A new intradermal vaccine features a smaller needle.

“It's just into the skin. It's not deep into the muscle,” said University of North Carolina at Chapel Hill epidemiologist Dr. David Weber. “What you do is you get a little more redness and maybe a little more swelling, but beyond that, you have similar side-effects to the standard influenza shot.”

The intradermal vaccine isn't for young children, although they can get the inhaled flu mist vaccine. The intradermal is for people ages 18 to 64. The standard injectable form is for everyone 6 months and older.

There is another form of flu vaccine with four times the amount of antigen, approved for people ages 65 and older.

Julie Andrade, a student at UNC-Chapel Hill, hasn't had her flu vaccine this year, even though she remembers how bad the flu is.

“Oh, it was terrible. I couldn’t get out of bed. I couldn't move. I was really dehydrated. It seemed like it lasted forever,” she said.

There haven't been many flu cases in the state this year, but the peak of the season is typically middle to late February. Once someone gets the shot, or even the inhaled version, it takes one to three weeks to build up immunity.

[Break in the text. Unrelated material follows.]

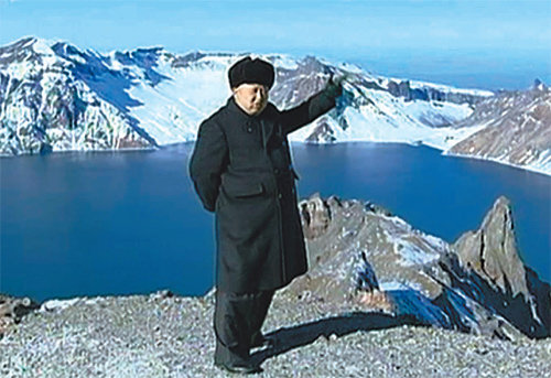 지난달 말 백두산에 오른 모습이 20일 공개됐다. 김정은이 북한에서 ‘혁명의 성산’으로 꼽히는 백두산에 오른 것은 자신의 시대가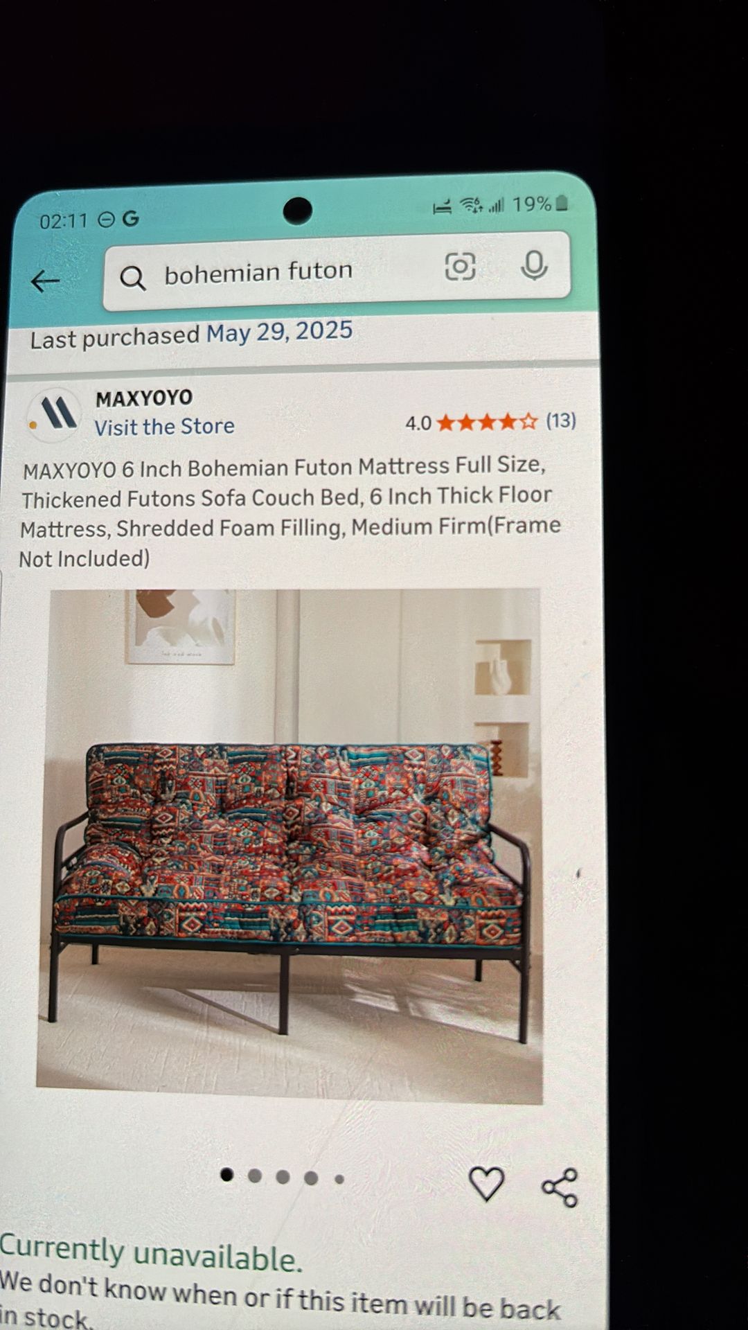 Bohemian design futon mattress used less than a year

Andrade, like many people, prefers alternatives to the longer needle vaccine, so she was willing to try the new intradermal form.

“You could hardly feel the needle going in. It was a little pressure at the beginning, but you couldn't feel the needle actually go through in your arm,” she said.

Weber says about a third of all influenza deaths each year in the U.S. are in perfectly healthy people.